Они замолчали, разговор топтался впустую.

Он хотел было с жаром поведать ей обо всем том, что мучило и жгло его душу, но, взглянув в ее пресыщенные глаза, понял, что никакие слова не могли пробить той брони, которой прочно и давно уже была покрыта она. Роман Романович с возмущением заговорил о детях:

— У них в головах истина: родители обязаны все устроить. В противном случае — они наши враги. «Вам все можно», — не мы ли с тобой приучили их к таковым мыслишкам? Дочери мы купили золотые часы, когда она сидела в третьем классе. А семикласснику-троечнику — сыну, как ты помнишь, мы подарили японский магнитофон стоимостью в пять тысяч! Сам же я, замечу, заимел первые простенькие часы много лет спустя после окончания института. Я стал чиновником — вот что произошло со мной. Раз выдвигали, то, видно, было за что, но не хватило воли и совести, — зажрался.

— Инна и Игорь не хуже других, а много лучше, — сказала Анна Евдокимовна не без гордости.

— Вот тут и вся соль: «много лучше» — потому что они наши дети и им все дано. А раз дано, то как же они могут быть хуже? Несокрушимая логика!

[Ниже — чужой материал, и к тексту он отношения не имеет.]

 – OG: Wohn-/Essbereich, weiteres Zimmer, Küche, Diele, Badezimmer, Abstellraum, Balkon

— Лично мне не стыдно за своих детей.

— Чем же в них мы можем гордиться?

— Они верно не плакатные герои, но милые, культурные, воспитанные люди, а это вообще-то немало.

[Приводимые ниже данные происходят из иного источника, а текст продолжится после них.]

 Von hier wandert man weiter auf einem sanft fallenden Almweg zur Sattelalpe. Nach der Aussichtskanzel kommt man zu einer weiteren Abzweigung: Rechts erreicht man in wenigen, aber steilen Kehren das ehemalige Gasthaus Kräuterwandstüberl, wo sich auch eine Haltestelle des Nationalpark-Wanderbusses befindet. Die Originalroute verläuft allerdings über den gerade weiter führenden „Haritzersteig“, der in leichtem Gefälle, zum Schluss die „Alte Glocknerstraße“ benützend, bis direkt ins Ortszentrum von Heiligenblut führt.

— Воспитанные эгоисты — будет вернее.

— Нынче все такие, — возразила Анна Евдокимовна.

— Нынче, как и во все времена, люди разные. К великому сожалению, у нас неважные дети! Мне горько признать, но от правды никуда не денешься.

— И что же ты надумал? — спросила жена затем, сдерживая себя.

— Я не собираюсь переделываться в крестьянина, но и не могу жить в удалении от родных дорог. Я не ломаюсь. Ты это пойми. И не могу больше… Не могу, да и не хочу тянуть два воза, и потому я окончательно решил порвать со студией. Возможно, и вообще с кино. Мне эта гонка на перекладных надоела! Завтра же я подам заявление об увольнении со студии.

— А дальше что?

— Уеду на год в Демьяновск. Хочу поближе рассмотреть нынешнюю жизнь родной глубинки.

— Но ведь туда можно наезжать за материалом, как делают многие.

— Можно, если бы этот материал был отрез на костюм.

Игорь и Инна, услышавшие из гостиной о таком решении отца, с возмущением вошли в кабинет; особенно кипела Инна: она хорошо понимала, что порви отец со студией и с мастерской, ей туда никогда не пролезть. Она, сверкая глазами, подступила к отцу:

— Да ты с ума, что ли, спятил? Да кто же добровольно бросает мастерскую во ВГИКе и «Мосфильм»?! Никого дубиной не выгонишь! Папашка, ты, часом, не спятил?

— Не ори на отца, несчастная! Ты чей хлеб жрешь? — одернул дочь Роман Романович. — Взяла волю распускать дурной язык!

— Прости, отец, но я думал, ты умный человек! — развел руками и Игорь. — Инка права: надо потерять рассудок, чтобы похерить свое киношное имя. Ну ты даешь!

— Дурак, дурак! — взвизгнула Инна.

— Выйдите за дверь! Оба!

— Мы уйдем! Мы можем вообще покинуть тебя, — Инна с грохотом шибанула дверью.

— Дети правы. Ты обязан подумать об их благополучии, если… — проговорила раздраженно Анна Евдокимовна.

— Ты тоже исчезни, — прервал он ее жестко, твердо решив стоять на своем.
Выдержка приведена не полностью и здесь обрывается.